🤖 AI Summary
This work addresses the challenge of optimizing under the max-min criterion in multi-objective reinforcement learning (MO-RL). We formulate the problem as a two-player zero-sum regularized continuous game and develop an efficient policy update algorithm based on mirror descent. Our approach delivers the first global last-iterate convergence guarantee for this setting. A key innovation is the introduction of an adaptive regularization mechanism, coupled with a unified analytical framework that jointly handles exact and approximate policy evaluation—yielding tight sample complexity bounds. The theoretical analysis is established for tabular MDPs, while empirical evaluation demonstrates substantial improvements over existing baselines in deep RL settings.
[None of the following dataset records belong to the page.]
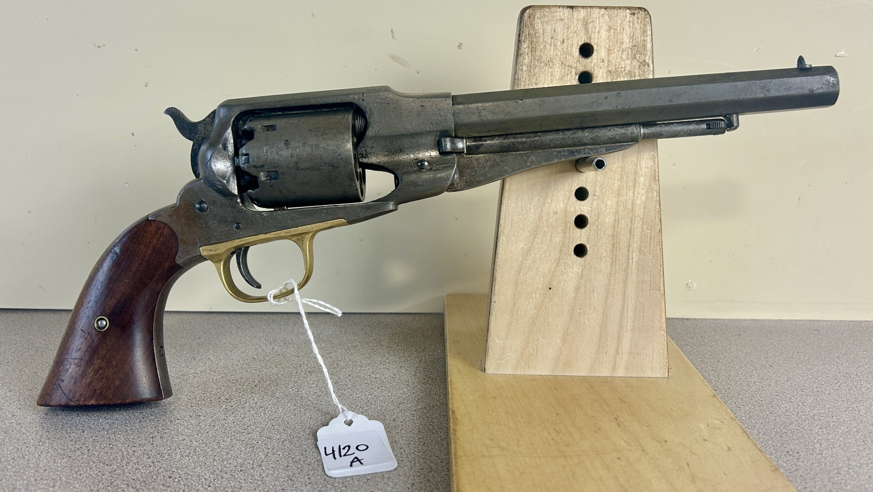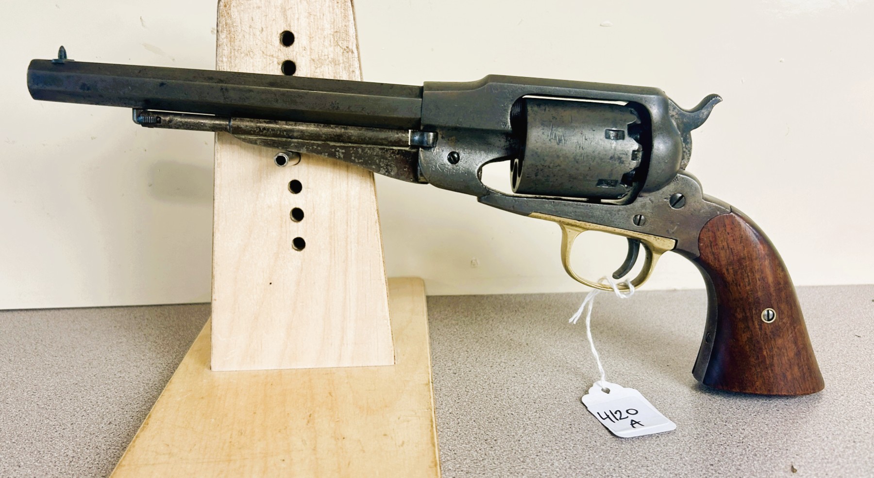 CONDITION: G-VG OVERALL FOR AGE. PATINA THROUGHOUT. BORE IS G, CLEAN WITH GOOD RIFLING. INDEXES & LOCKS UP WELL. SPECS: .44 CAL CAP & BALL SINGLE ACTION REVOLVER. 8 IN BARREL. INSPECTOR MARKS THROUGHOUT INCLUDING W, C, L & A. CANADIAN ANTIQUE CLASS, NO PAL REQUIRED. EXTRAS: NONE. SERIAL: ON BARREL 65709 & ON GRIP 64348.
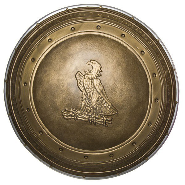 Wonder Woman Shield. Gold/Bronze with bird logo in the center.
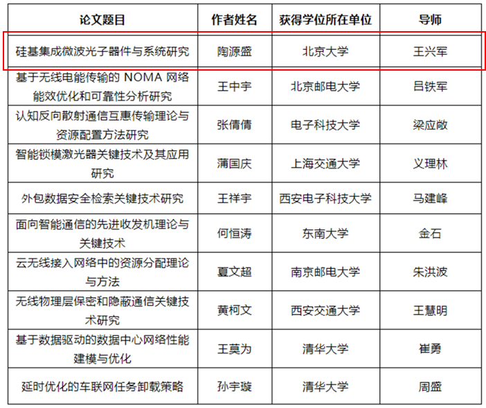 日前,中国通信学会公布了2022年度优秀博士学位论文的评选结果。按照《中国通信学会优秀学位论文评价管理办法(试行)》规定,经各高等院校、学会分支机构等单位和专家推荐,学会组织专家评价并向社会公示,最终确定10篇论文入选。中心王兴军教授指导的博士学位论文《硅基集成微波光子器件与系统研究》入选,论文作者为2022届博士毕业生陶源盛。

Overall, our method establishes a new paradigm for max-min MO-RL that bridges rigorous theoretical foundations with practical efficacy.
📝 Abstract
In this paper, we propose a provably convergent and practical framework for multi-objective reinforcement learning with max-min criterion. From a game-theoretic perspective, we reformulate max-min multi-objective reinforcement learning as a two-player zero-sum regularized continuous game and introduce an efficient algorithm based on mirror descent. Our approach simplifies the policy update while ensuring global last-iterate convergence. We provide a comprehensive theoretical analysis on our algorithm, including iteration complexity under both exact and approximate policy evaluations, as well as sample complexity bounds. To further enhance performance, we modify the proposed algorithm with adaptive regularization. Our experiments demonstrate the convergence behavior of the proposed algorithm in tabular settings, and our implementation for deep reinforcement learning significantly outperforms previous baselines in many MORL environments.